Разрозненные заметки М. Рачинского касаются архитектуры, скульптуры, терракотовых фигур, глазурованной плитки и многих других вещей, помимо живописи — той части его исследований, к которой мы по необходимости ограничили наши замечания. Относительно фактического состояния этого искусства в городе Улисса Академия, основанная в 1780 году, представляет, мы боимся, не очень обнадеживающие признаки, хотя в ней много молодых студентов, а также много старых членов. «Многочисленны люди, — отмечает граф Рачинский, — которые с энтузиазмом восхваляют искусства в Португалии. Но за почетными исключениями герцога Пальмеллы и графа де Фарробо, никто не потратит ни су, никто не возьмет на себя никакого труда для их продвижения. Правда, однако, что в нынешнем положении дел было бы нелегким делом узнать, как взяться за такую услугу нации. Страна находится в состоянии революции. Эти несколько слов объясняют все; и нам остается только обвинять современных конституционных дельцов, а также путаницу идей и беспорядочный дух, которые являются следствием их махинаций здесь и в Испании на протяжении более двадцати лет».

Достойный дипломат из Пруссии, когда писал последнее процитированное предложение, по-видимому, не имел представления о силе пагубных доктрин, которые действовали по ту сторону Пиренеев, и о том, как скоро революционная мания должна была потрясти затранские троны и чуть не уничтожить даже трон его собственного господина.

САУТИ.

Столь хороший, столь достойный, столь выдающийся человек, как Саути — тот, чей моральный облик был, возможно, столь близок к совершенству, насколько это дано достичь человечеству, и чьи литературные труды, если и не принадлежат к высочайшему порядку гениальности, уступают лишь в сравнении с теми немногими, которые являются таковыми, — такой человек, как Саути, вряд ли мог быть нами позволен уйти из числа живых без какой-либо дани, возданной его памяти, или какой-либо попытки оценить значение его долгих и прославленных трудов.
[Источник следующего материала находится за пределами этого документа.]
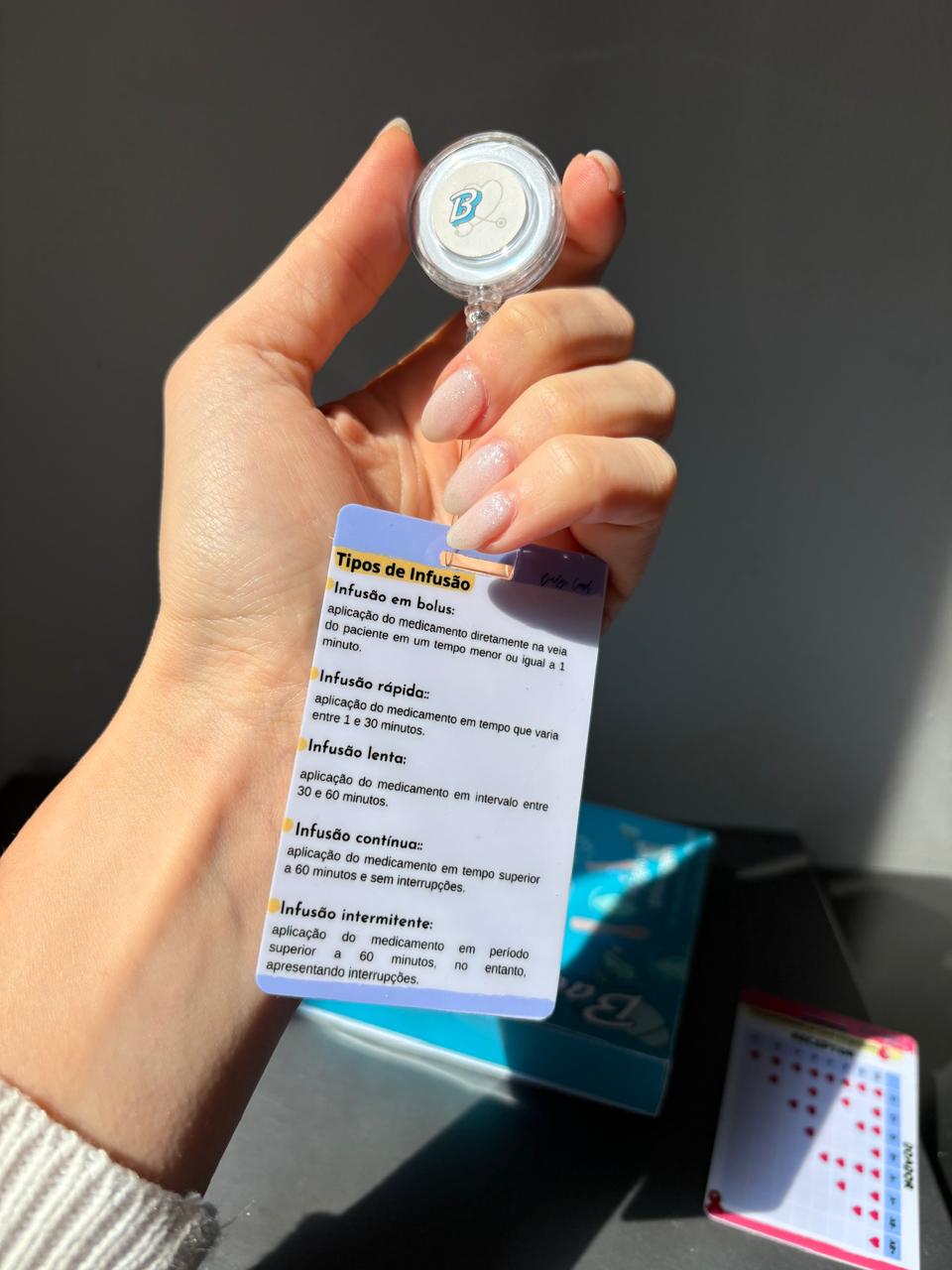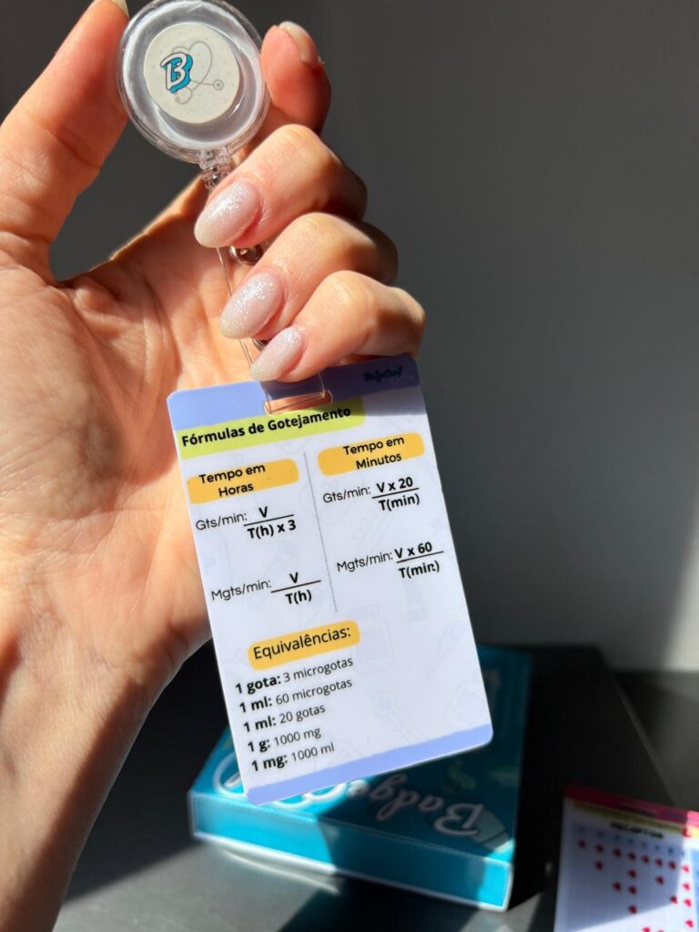 O Badge Card de Infusão foi feito para enfermeiros(as) que querem agilidade e segurança na hora de calcular e administrar medicações intravenosas.

Мы были несколько медлительны, можно подумать, в выполнении этого долга. Но мы не сожалеем об этой задержке. Наша тема не является эфемерной, и задержка, возможно, научила нас тем точкам зрения, в которых наиболее необходимо, чтобы наш предмет был представлен.

Нет ничего, например, столь хорошо известного о Саути — если нам будет позволено немного забежать вперед и погрузиться, подобно эпическим поэтам, in medias res (в самую суть дела), — ничего столь печально известного, как изменение, которое претерпели его политические и социальные взгляды; чувства его юности относительно правительства и организации общества были почти диаметрально противоположны тем, что были в его зрелые годы. Контраст велик между молодым республиканцем, пылким коммунистом, смелым экспериментатором в «Пантисократии», автором «Книги Церкви» и знаменитым поборником консервативных принципов в «Quarterly Review». Но как часто этот контраст ни выставлялся на обозрение, время пришло только сейчас, когда его можно оценить в правильном духе. Вся жизнь человека теперь перед нами; и, какими бы противоречивыми ни казались части, когда длинная картина медленно разворачивалась перед глазами современников, теперь становится возможным для нас увидеть реальную связность, которая существовала между отдельными частями, и проследить во всех их противоречиях единство, и почетное единство характера. Энтузиазм юности позволяет нам понять все, что было особенного в зрелом человеке. Ранний ум Саути проливает свет, как мы думаем, на поздний. Это был тот же ум, это был тот же человек, молодой и старый.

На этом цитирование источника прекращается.